Nos recibió con mucho cariño y nos sentamos.

—Si hubiérais venido un poco antes —dijo— os habríais encontrado con Woodcourt. No conozco persona mejor que Woodcourt. Siempre encuentra el tiempo para venir a verme de vez en cuando, mientras que cualquiera que tuviese la mitad de trabajo que él pensaría que nunca podía venir. Y siempre tan animado, tan tranquilo, tan sensato, tan serio, tan… todo lo que no soy yo, que este apartamento se ilumina cada vez que viene él, y se oscurece cuando vuelve a marcharse.

«¡Bendito sea», pensé, «por mantener así la palabra que me dio!»

—No es tan optimista, Ada —continuó Richard mirando triste hacia los montones de papeles—, como lo solemos ser Vholes y yo, pero no está en el asunto y no conoce sus misterios. Nosotros hemos entrado en ellos y él no. No es de esperar que sepa mucho de un laberinto como éste.

Cuando volvió a pasear la vista sobre los documentos, y se pasó las manos por la cabeza advertí lo hundidos y grandes que tenía los ojos, lo secos que tenía los labios y lo mordidas que tenía las uñas.

—Richard, ¿crees que éste es un sitio sano para vivir?

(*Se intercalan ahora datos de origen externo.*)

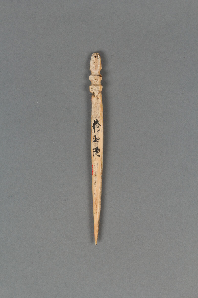 The Jōmon period is the earliest period in Japanese history, lasting from roughly 14,000 to 300 BCE. Using materials such as bone, antlers, and stone, the Jōmon people created not only utilitarian objects, such as harpoons and arrowheads, which supported their hunter-gatherer lifestyle, but also a variety of jewelry and objects used for religious purposes. Hairpins such as this one are relatively common, and may have had a spiritual as well as decorative purpose.

—Pero mi querida Minerva —respondió Richard con su alegre risa de antaño— no es un lugar rural ni animado, y cuando aquí luce el sol puedes estar convencida de que en algún lugar abierto está brillando resplandeciente. Pero no está mal por ahora. Está cerca de los Tribunales y cerca de Vholes.

—Quizá —sugerí— un cambio respecto de ambas cosas…

—… ¿me sentaría bien? —preguntó Richard, forzando una risa al terminar la frase—. ¡No me extrañaría nada! Pero ya sólo puede ocurrir en una de dos formas, diría yo. O bien termina el pleito, Esther, o termina el pleiteante. ¡Pero lo que va a terminar va a ser el pleito, hija mía, el pleito, hija mía!